Monday, September 1, 2014

Misty, mizzling rain begins the fall.

September 1.

A misty morning followed by a still, cloudy, misty day, through which has fallen a very little rain this forenoon already. Now I notice a few faint-chipping sparrows, busily picking the seeds of weeds in the garden. 

P. M. — Along river to E. Hosmer’s. A very little mizzling. The Aster Tradescanti is perhaps beginning to whiten the shores on moist banks. I see a fine (reddish) topped grass in low lands, whitened like a thin veil with what it has caught of this dewy rain. It wets my feet much. 

The Cornus sericea berries are now in prime, of different shades of blue, lighter or darker, and bluish white. They are so abundant as to be a great ornament to our causeways and riverside. The white berried, too, is now in prime. The Viburnum dentatum berries are smaller and duller. The Viburnum Lentago are just fairly begun to have purple cheeks. 

Even this rain or mizzling brings down many leaves of elms and willows, etc.,—the first, to notice, since the fall of the birches which began so long ago.

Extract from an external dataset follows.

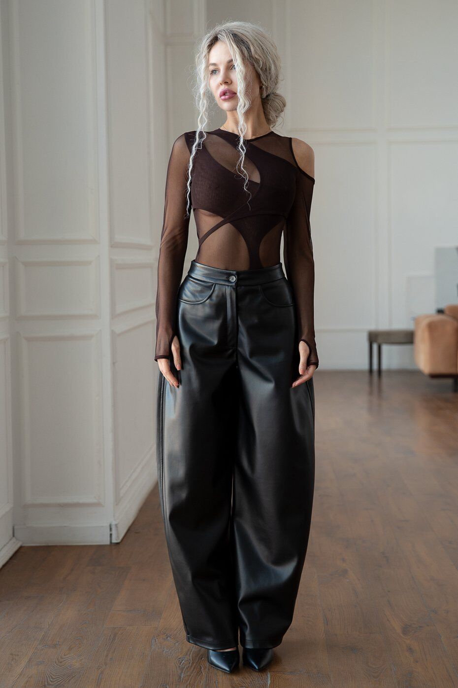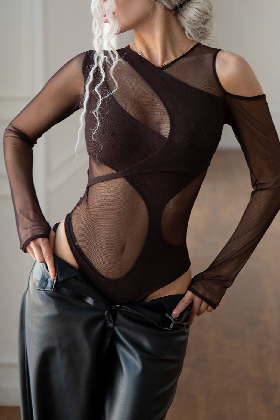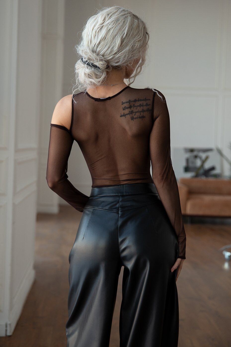 Асимметричное боди выполнено из сетки. На лифе оригинальные переплеты. Один рукав с открытым плечом. По низу рукавов петелька под палец. Длина изделия по боку 34 см. Длина рукава 65 см.

H. D. Thoreau, Journal, September 1, 1854


The Cornus sericea berries are now in prime, of different shades of blue, lighter or darker, and bluish white. See August 31, 1856 ("The Cornus sericea, with its berries just turning, is generally a dull purple now . ."); August 28, 1856 ("The bright china-colored blue berries of the Cornus sericea begin to show themselves along the river, . . .."). See also September 3, 1853 ("Now is the season for those comparatively rare but beautiful wild berries which are not food for man.. . .Berries which are as beautiful as flowers, but far less known, the fruit of the flower.")

The fall of the birches... (due to drought).  See August 19, 1854 ("Many white birches long since lost the greater part of their leaves, which cover the ground, sere and brown as in autumn."